The room would’ve been nice, if not for the large support beam that had fallen right down the middle of it, smashing couches and tables beneath its weight. Sloane could picture this place, crowded with personnel milling about and talking excitedly, all buzzing with the ambitions Garson had fanned. It was a small mercy, Sloane figured, that this calamity had happened while the vast rooms, halls, plazas, and parks were still empty.
A long, shuddering groan echoed through the entire ship. Sloane frowned.
“That can’t be good.”
On the wall across the room, a rectangular panel caught her eye. A terminal, exposed by an open panel. The screen was on, displaying the Initiative’s logo.
Sloane vaulted an upended couch and wove her way between a mess of overturned tables and chairs. Halfway there, a loud pop triggered the survival instinct that had seen her through too many battles to count. She dove for cover.
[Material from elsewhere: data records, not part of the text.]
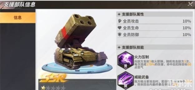 火箭发射车布拉德利可以给我方全体格斗家,提供生命力、攻击、防御属性加成,自身有两个技能可以使用,火力压制释放三枚火箭,随机攻击敌方格斗家三次。被动技能威能武备,在我方格斗家攻击时,发现敌方格斗家比自己生命力高,暴击概率将会提升。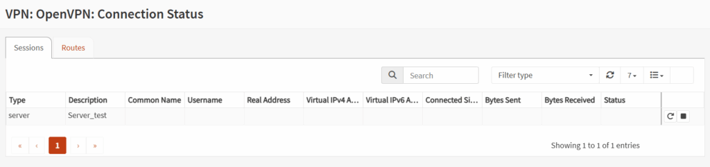Vá em VPN → OpenVPN → Connection Status e confirme se o serviço está ativo.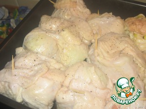 Сверху посолить, поперчить, положить кусочек куриного жира, он всегда есть на шкурке.

A shower of sparks rained from the ceiling. The room went dark, save for emergency lights along the bases of the walls, and that single glowing screen behind the open panel on the far wall.
A body lay beneath the display. An asari, sprawled and lifeless under the weight of a light fixture shaken loose in the calamity.
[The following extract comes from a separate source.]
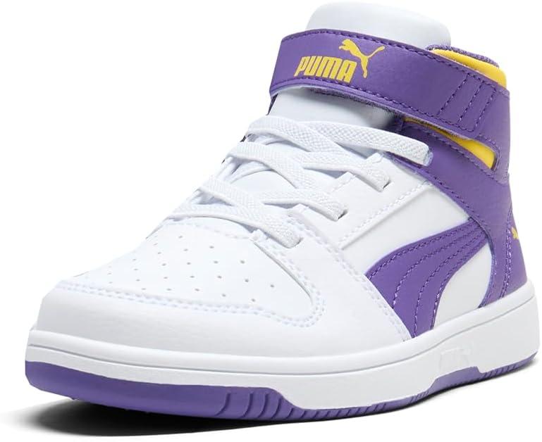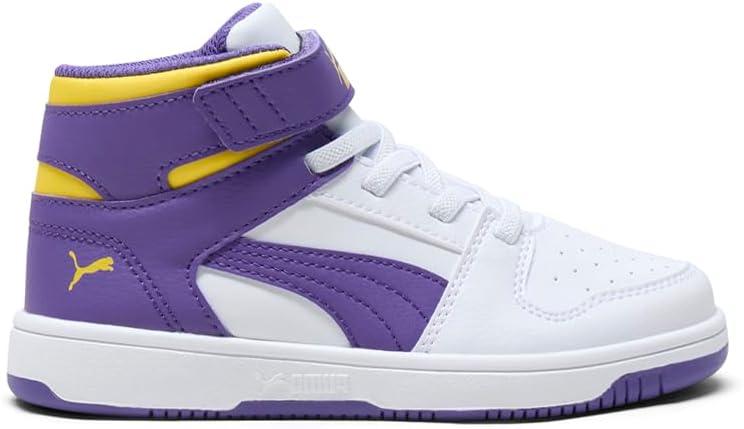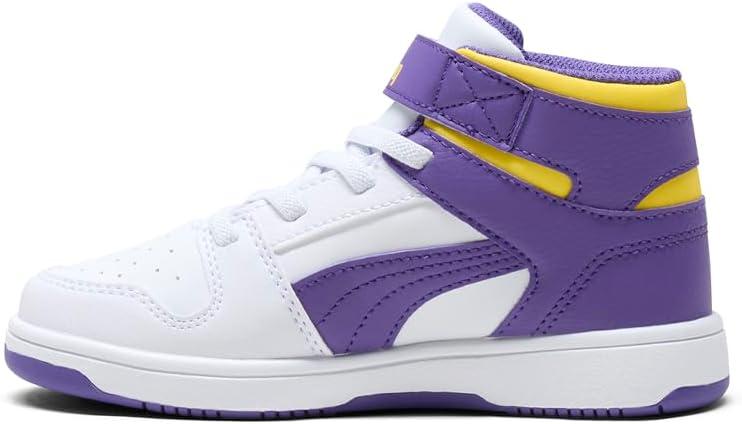PUMA Toddler Boys Rebound Layup Sl V Slip On Sneakers Shoes Casual – White(Puma White-team Violet-pelé Yellow)

When nothing else exploded, Sloane eased from her precarious niche and studied the body. The asari didn’t move as she approached. Didn’t breathe. Nothing.
Sloane Kelly shifted her focus to the screen, telling herself now was the time to gain a sit-rep. Except the logo was gone now, replaced with that damned red word again: offline. Sloane wanted to scream in frustration.
Instead, she checked the body, already aware of what she’d find doing it. The woman had become the body in Sloane’s mind.
The chaos another battlefield.
Fire. Ash. Destruction.
All of it caught up to her when she touched that still neck. This woman had sacrificed everything to come here. They all had. And for what?
Loss. Disappointment. Death.
Sloane clenched her jaw. This stranger was a friend for the simple reason that they’d shared the same goal, given up the same things.
What had the asari’s final thoughts been? Fear, Sloane supposed. Anger, maybe.